* _Supplied data_
┄┄┄┄┄┄

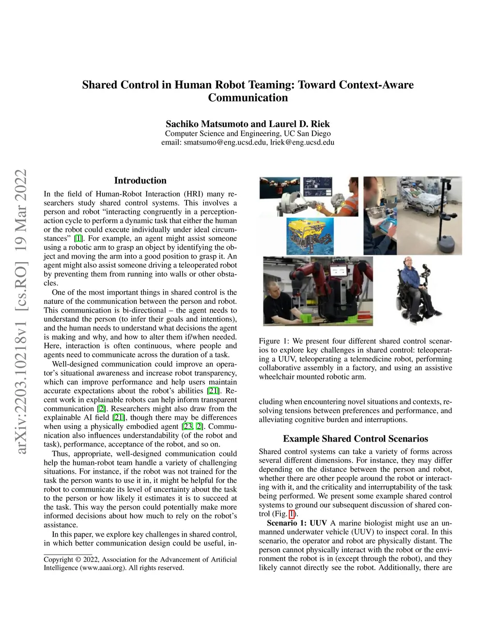 Shared Control in Human Robot Teaming: Toward Context-Aware
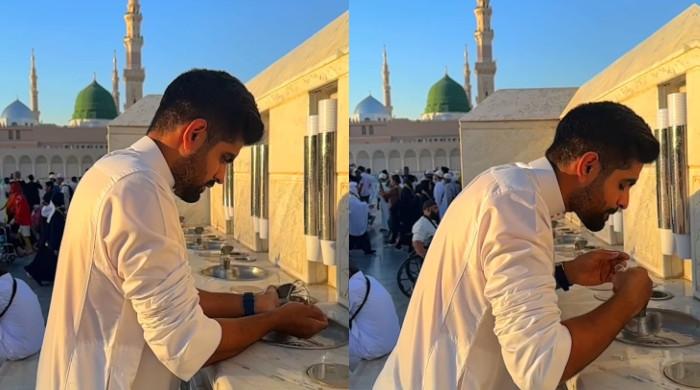 Taking to Instagram, Babar informed his fans about his visit to Madina by posting a video of himself performing ablution in front of the Green Dome, which is a significant part of the Prophet’s Mosque as it rests atop of beloved Prophet Muhammad’s grave.
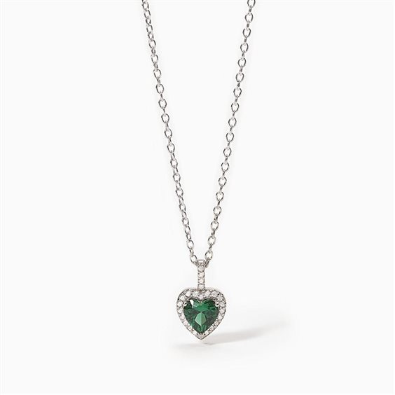 Girocollo in argento 925/°°° rodiato, smeraldo sintetico taglio cuore contornato da zirconi bianchi. Catena maglia forzatina. Pendente cm 0,8. Misura regolabile da cm 40 a cm 45.
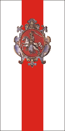 Those flags are interesting in my particular point of view, since they are all but tri-band, instead, the first image bears a transparent black-outlined shield charged by a black double-beamed cross -Lorraine cross- (surely that shield featured in the Pahonia -on the knight's shoulder-), the whole over the intersection of a "scandinavian" red cross on a white field; and the second image is also white with the red scandinavian cross, in the canton is the shield charged by the cross.

┄┄┄┄┄┄

* _What is required_
Transcribe, without alteration, each line from the one with "Taking to Instagram, Babar" through the last line of the data; no pictures belong in the copy.

* _Response for this exercise_
 Taking to Instagram, Babar informed his fans about his visit to Madina by posting a video of himself performing ablution in front of the Green Dome, which is a significant part of the Prophet’s Mosque as it rests atop of beloved Prophet Muhammad’s grave.
 Girocollo in argento 925/°°° rodiato, smeraldo sintetico taglio cuore contornato da zirconi bianchi. Catena maglia forzatina. Pendente cm 0,8. Misura regolabile da cm 40 a cm 45.
 Those flags are interesting in my particular point of view, since they are all but tri-band, instead, the first image bears a transparent black-outlined shield charged by a black double-beamed cross -Lorraine cross- (surely that shield featured in the Pahonia -on the knight's shoulder-), the whole over the intersection of a "scandinavian" red cross on a white field; and the second image is also white with the red scandinavian cross, in the canton is the shield charged by the cross.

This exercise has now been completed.